We recently announced Qbox hosted ElastAlert -- the superb open-source alerting tool built by the team at Yelp Engineering -- now available on all new Elasticsearch clusters on AWS.

Most organizations use the ELK Stack for managing their ever increasing amount of data and logs. Kibana is great for visualizing and querying data, but it needs a companion tool like ElastAlert for alerting on inconsistencies, anomalies, spikes, or other patterns of interest from data in Elasticsearch.

Overview

For this post, we will be using hosted Elasticsearch on Qbox.io. You can sign up or launch your cluster here, or click "Get Started" in the header navigation. If you need help setting up, refer to "Provisioning a Qbox Elasticsearch Cluster." 
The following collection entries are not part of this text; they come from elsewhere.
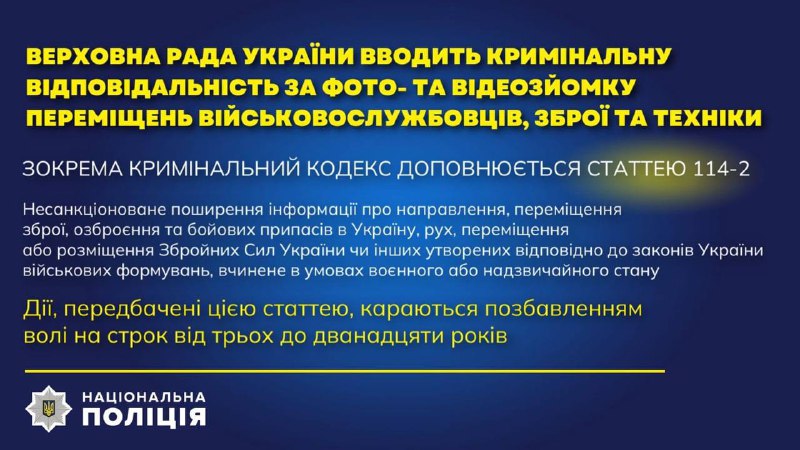 В Україні вводиться кримінальна відповідальність за фото- та відеозйомку переміщень наших військовослужбовців, зброї і техніки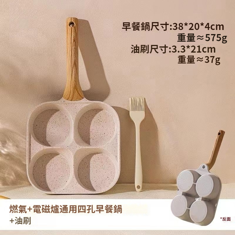 (米色早餐鍋+【防燙加高手柄】通用款+油刷)兩組1499
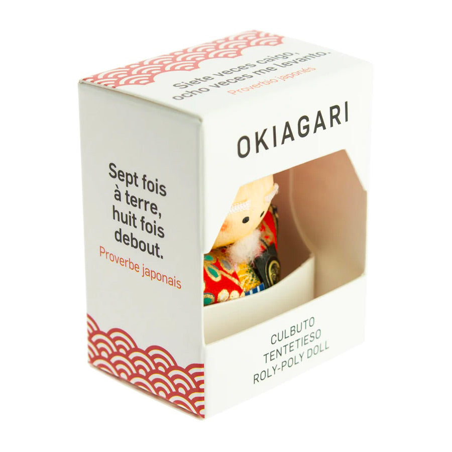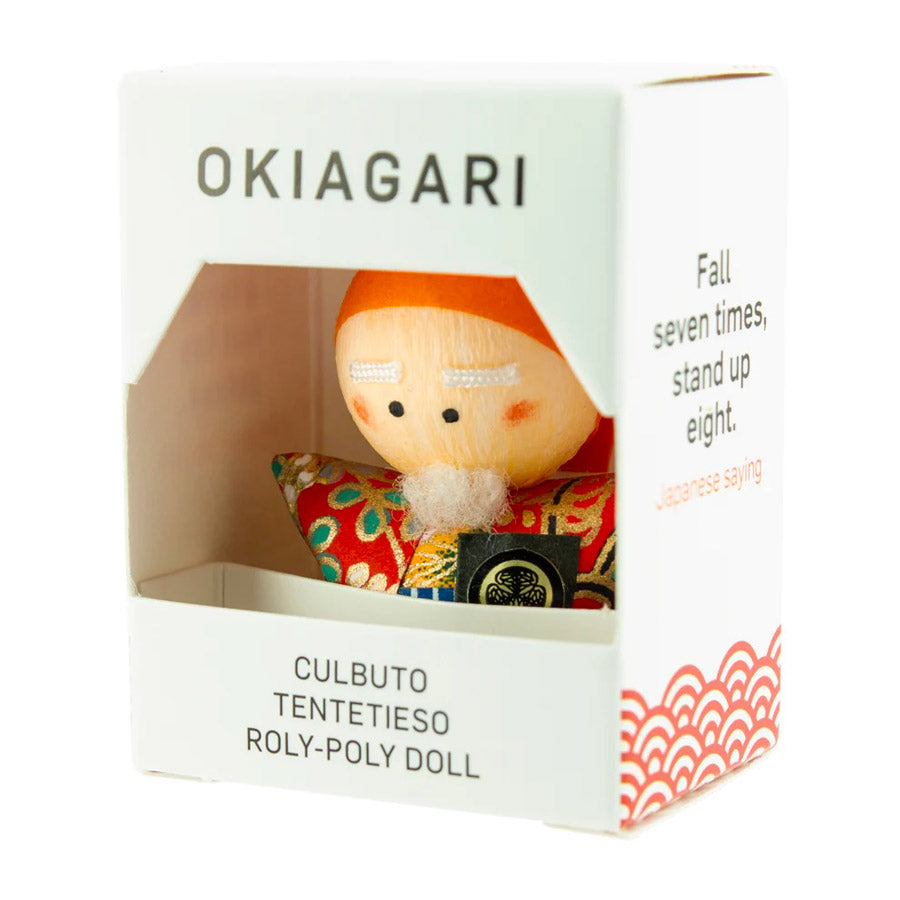 Okiagari-koboshi veut dire littéralement petit prêtre se mettant debout. Il s’agit d’un culbuto traditionnel japonais fait de papier mâché et conçu de telle façon à toujours revenir en position verticale lorsqu'il est incliné sur le côté.

ElastAlert was designed keeping following few principles in mind:

  • It should be easy to understand and human readable. For this, we chose a YAML format with intuitive option names.

  • It should be resilient to outages. It records every query it makes, and can pick up exactly where it left off when it turns back on.

  • We designed it to be modular. The major components, rule types, enhancements and alerts, can all be imported or customized by implementing a base class.

ElastAlert is designed to be reliable, highly modular, and easy to set up and configure.

It works by combining Elasticsearch with two types of components, rule types and alerts. Elasticsearch is periodically queried and the data is passed to the rule type, which determines when a match is found. When a match occurs, it is given to one or more alerts, which take action based on the match.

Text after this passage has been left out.